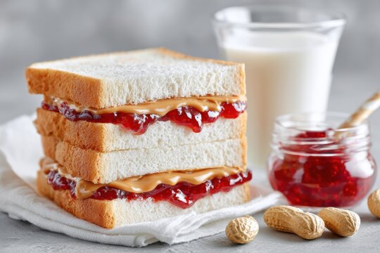 Peanut butter and jelly sandwich resting on white napkin with glass of milk and peanuts
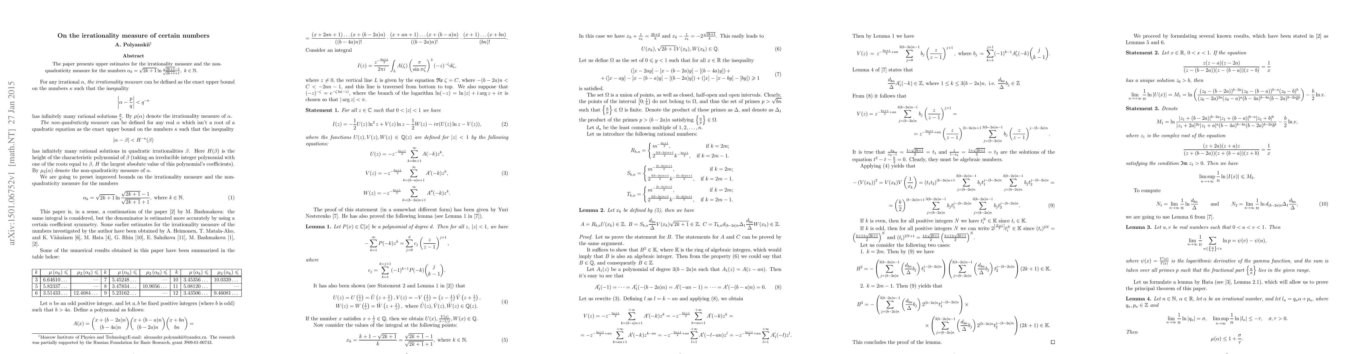This paper estimates upper bounds for the irrationality measure of certain numbers in a series defined by $rac{ ext{ln}(rac{ ext{sqrt}(2k+1)-1}{ ext{sqrt}(2k+1)+1})}{ ext{sqrt}(2k+1)}}$. The key findings relate to non-quadratic properties of these numbers, suggesting potential connections between them and known mathematical concepts.
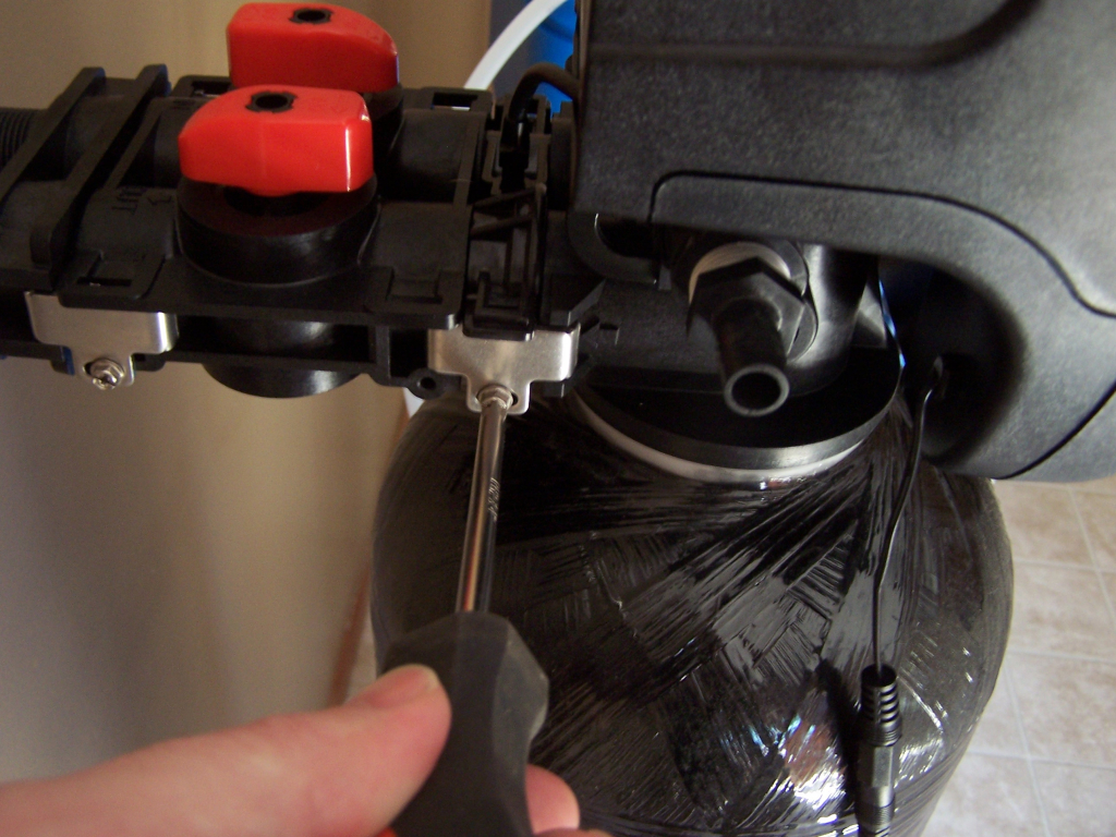 The control valve (head) now must be screwed onto the mineral tank. Be sure the large O-ring is in place and lubricated (you can use standard cooking oil to lubricate, if necessary).
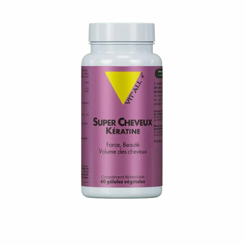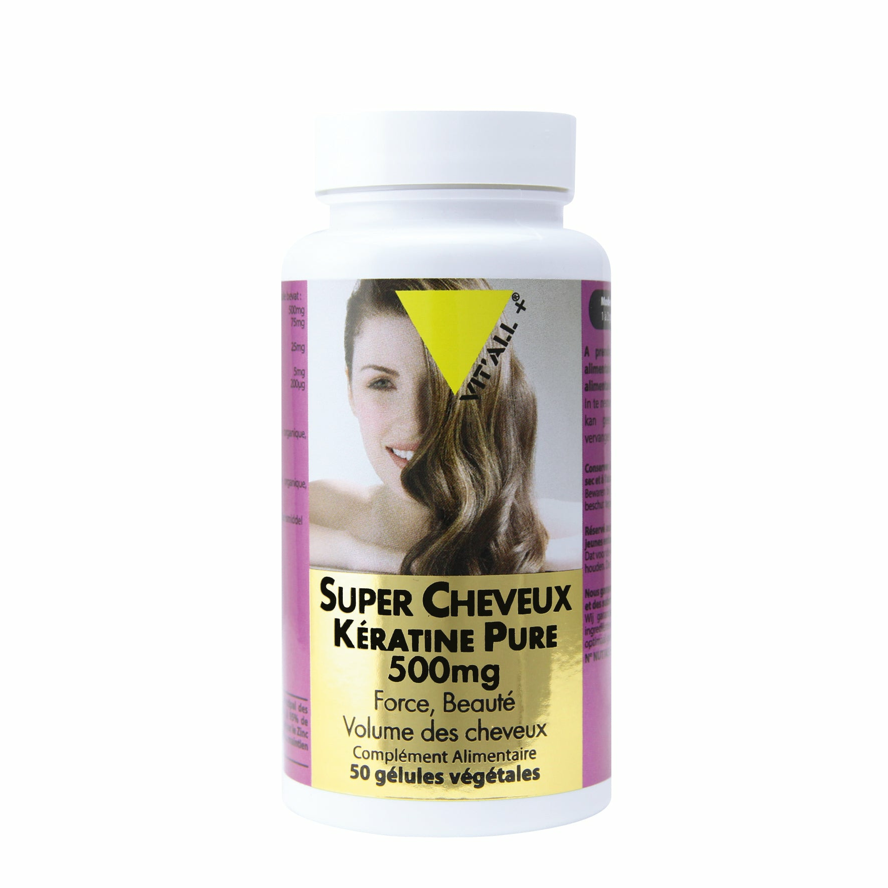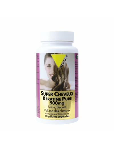 Découvrez le complément alimentaire Super cheveux+kératine pure, 500 mg, 50 gélules du laboratoire Vit'all+ .
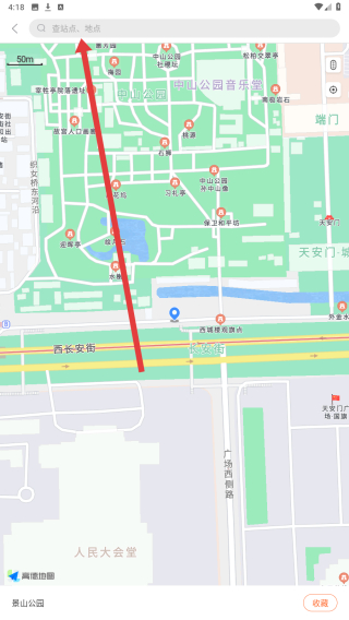 3、在地圖頁面頂部的搜索欄中,可以輸入要添加的地點位置名稱信息,快速定位目標位置添加到收藏中。
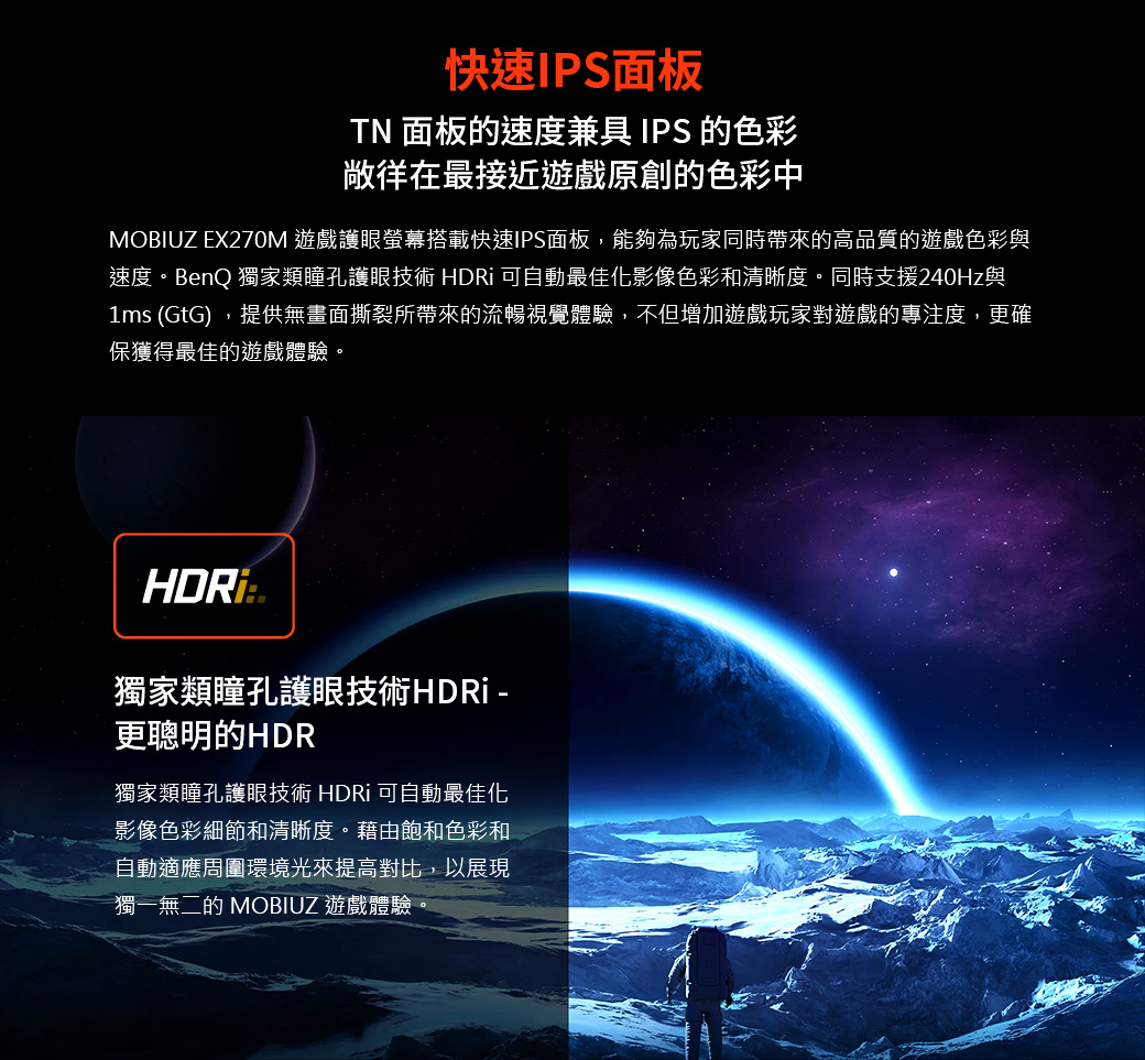 BenQ MOBIUZ EX270M(2H1P/IPS/240Hz/含喇叭//FreeSync Premium/HDR10)
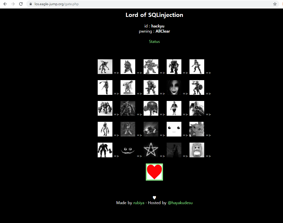 해당 워게임 사이트를 통해 SQL Injection 공부가 많이 되었던 것으로 기억한다. 해당 URL 말고도 다른 버전의 LOS도 있고 SQL Injection을 할 수 있는 좋은 워게임 사이트들이 있는 것을 알고 있다. 개발 보안 둘다 좋다. 꾸준히 하자...
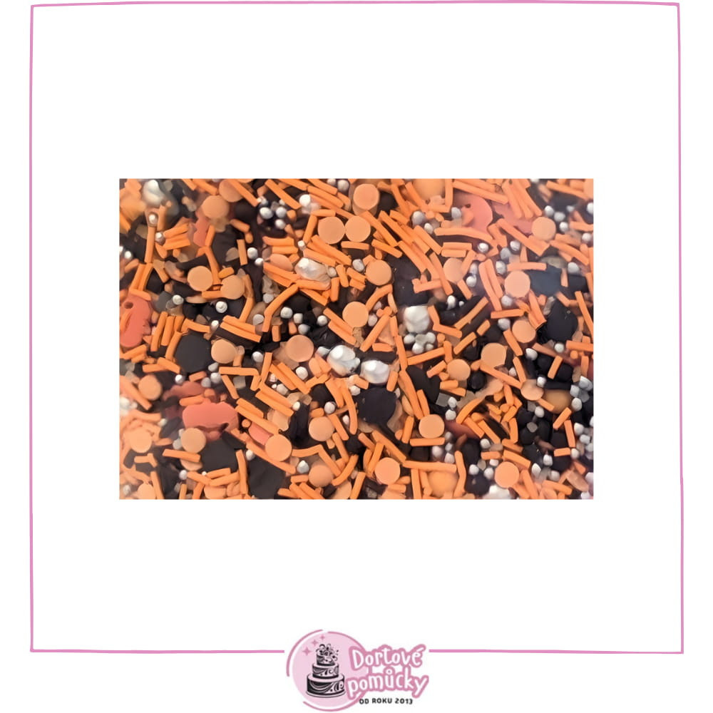 Objevte sladké Halloweenské zdobení – originální cukrový posyp v černo-oranžové kombinaci.

What is being asked: Could you restate every record above word for word, leaving the pictures out?

The answer:
 Peanut butter and jelly sandwich resting on white napkin with glass of milk and peanuts
This paper estimates upper bounds for the irrationality measure of certain numbers in a series defined by $rac{ ext{ln}(rac{ ext{sqrt}(2k+1)-1}{ ext{sqrt}(2k+1)+1})}{ ext{sqrt}(2k+1)}}$. The key findings relate to non-quadratic properties of these numbers, suggesting potential connections between them and known mathematical concepts.
 The control valve (head) now must be screwed onto the mineral tank. Be sure the large O-ring is in place and lubricated (you can use standard cooking oil to lubricate, if necessary).
 Découvrez le complément alimentaire Super cheveux+kératine pure, 500 mg, 50 gélules du laboratoire Vit'all+ .
 3、在地圖頁面頂部的搜索欄中,可以輸入要添加的地點位置名稱信息,快速定位目標位置添加到收藏中。
 BenQ MOBIUZ EX270M(2H1P/IPS/240Hz/含喇叭//FreeSync Premium/HDR10)
 해당 워게임 사이트를 통해 SQL Injection 공부가 많이 되었던 것으로 기억한다. 해당 URL 말고도 다른 버전의 LOS도 있고 SQL Injection을 할 수 있는 좋은 워게임 사이트들이 있는 것을 알고 있다. 개발 보안 둘다 좋다. 꾸준히 하자...
 Objevte sladké Halloweenské zdobení – originální cukrový posyp v černo-oranžové kombinaci.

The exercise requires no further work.